Proliferative Vitreoretinopathy (PVR) is a serious complication that develops primarily following surgery to repair a retinal detachment. This condition involves an abnormal, excessive wound-healing response leading to the formation of contractile scar tissue inside the eye. PVR is the most common cause of failure in initially successful retinal detachment surgery, accounting for up to 75% of cases where the retina detaches a second time. This scarring can result in severe, often uncorrectable, vision loss or blindness if left untreated.
Understanding Proliferative Vitreoretinopathy
The development of PVR is rooted in a cellular mechanism triggered by a break in the retina, which allows cells to enter the vitreous cavity. The main culprits are retinal pigment epithelial (RPE) cells, which normally form a single layer beneath the light-sensing photoreceptors. When the retina detaches, these RPE cells are released and begin to migrate and proliferate in an uncontrolled manner.
The RPE cells undergo epithelial-mesenchymal transition, changing their form and function to resemble fibroblasts, which are scar-forming cells. These transformed cells lay down an extracellular matrix, creating fibrotic membranes both on the surface of the retina (epiretinal membranes) and beneath it (subretinal membranes). These membranes are highly contractile.
This contraction exerts a powerful, inward pulling force, or traction, on the delicate neural retina. This force physically pulls the retina away from its underlying support structure, causing a tractional redetachment. This biological process typically occurs weeks to months after the initial event, complicating what was thought to be a successful surgical repair.
Recognizing the Signs and Risk Factors
A patient experiencing the onset of PVR often notices a gradual or sudden deterioration of vision following initial retinal detachment repair. Symptoms include an increase in floaters or flashes of light caused by the contracting membranes pulling on the retina. A shadow or fixed veil may appear in the peripheral vision, indicating a new detachment. Central vision loss occurs if the macula is involved in the redetachment.
Several factors increase the risk of developing PVR. The severity of the initial retinal detachment is a major predictor, particularly if there are large or multiple retinal tears or if the detachment was present for a long period before surgery. Ocular trauma, such as a severe blow or open globe injury, carries a very high risk, sometimes up to 50% of cases.
Other conditions that increase risk include significant bleeding inside the eye (vitreous hemorrhage), chronic inflammation (uveitis), or having had multiple previous eye surgeries. The majority of PVR cases develop within the first four to eight weeks following the initial retinal detachment surgery.
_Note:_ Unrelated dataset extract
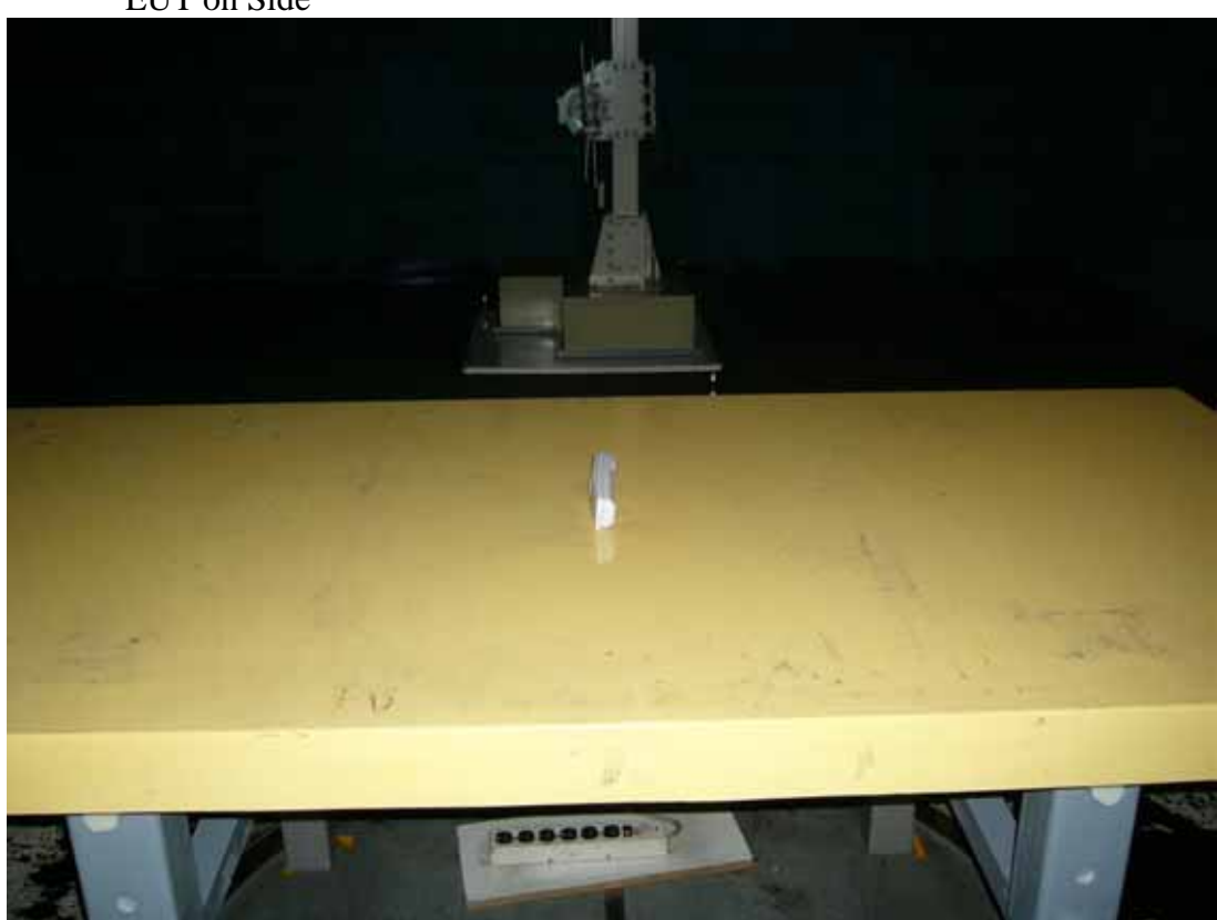
AUDIX Technology Corporation Report No.: EM-F980989

8.1.Photos of Radiated Measurement at Semi-Anechoic Chamber (30~1000MHz) EUT on Stand

Surgical Treatment Approaches
Surgical intervention represents the only effective treatment option for PVR, as no approved pharmacological agent exists to prevent or halt the scarring process. The standard approach involves pars plana vitrectomy, where the vitreous gel is removed from the eye’s interior. This allows the surgeon access to the retinal surface.
Once the vitreous is cleared, the surgeon performs membrane peeling using specialized instruments like micro-forceps or diamond-dusted scrapers. This intricate process involves carefully peeling away the contractile epiretinal and subretinal membranes from the surface of the retina to release the traction. Complete removal of this scar tissue is necessary to allow the retina to flatten back into its correct anatomical position.
After the retina is free of traction, it is reattached using a temporary heavy liquid, which gently pushes the retina back onto the underlying tissue. The reattached retina is then secured using laser energy (endolaser photocoagulation) around the tears or detachment borders to create a permanent seal.
Finally, an intraocular tamponade agent is placed inside the eye to provide internal support while the retina heals. The choice is between a long-acting gas (e.g., perfluoropropane) or silicone oil. Silicone oil is often preferred in severe PVR cases because it provides mechanical support for a longer duration, which is necessary to counteract the high potential for scar tissue reformation. The gas eventually dissipates and is replaced by the eye’s natural fluid, but silicone oil requires a second surgical procedure for its removal once the retina is stable.
Prognosis and Managing Recurrence
PVR has a guarded long-term outlook. Despite advanced surgical techniques, visual recovery is often limited due to permanent damage to the photoreceptors caused by prolonged detachment and the scarring itself. The anatomical success rate is typically between 45% and 85% after a single PVR surgery, but the rate of achieving useful vision is lower.
A significant challenge in managing PVR is the high rate of recurrence, where the scar tissue begins to form again after surgery. This is because the underlying inflammatory and cellular processes that caused the initial scarring are not fully eliminated. Recurrence typically manifests within two months of the initial PVR surgery, requiring close and continuous follow-up care.
Patients with PVR frequently require multiple surgical interventions to control the disease and achieve a stable retinal attachment. Long-term management involves monitoring for signs of new traction and utilizing the most effective tamponade agent to maximize the chance of a lasting anatomical and functional result.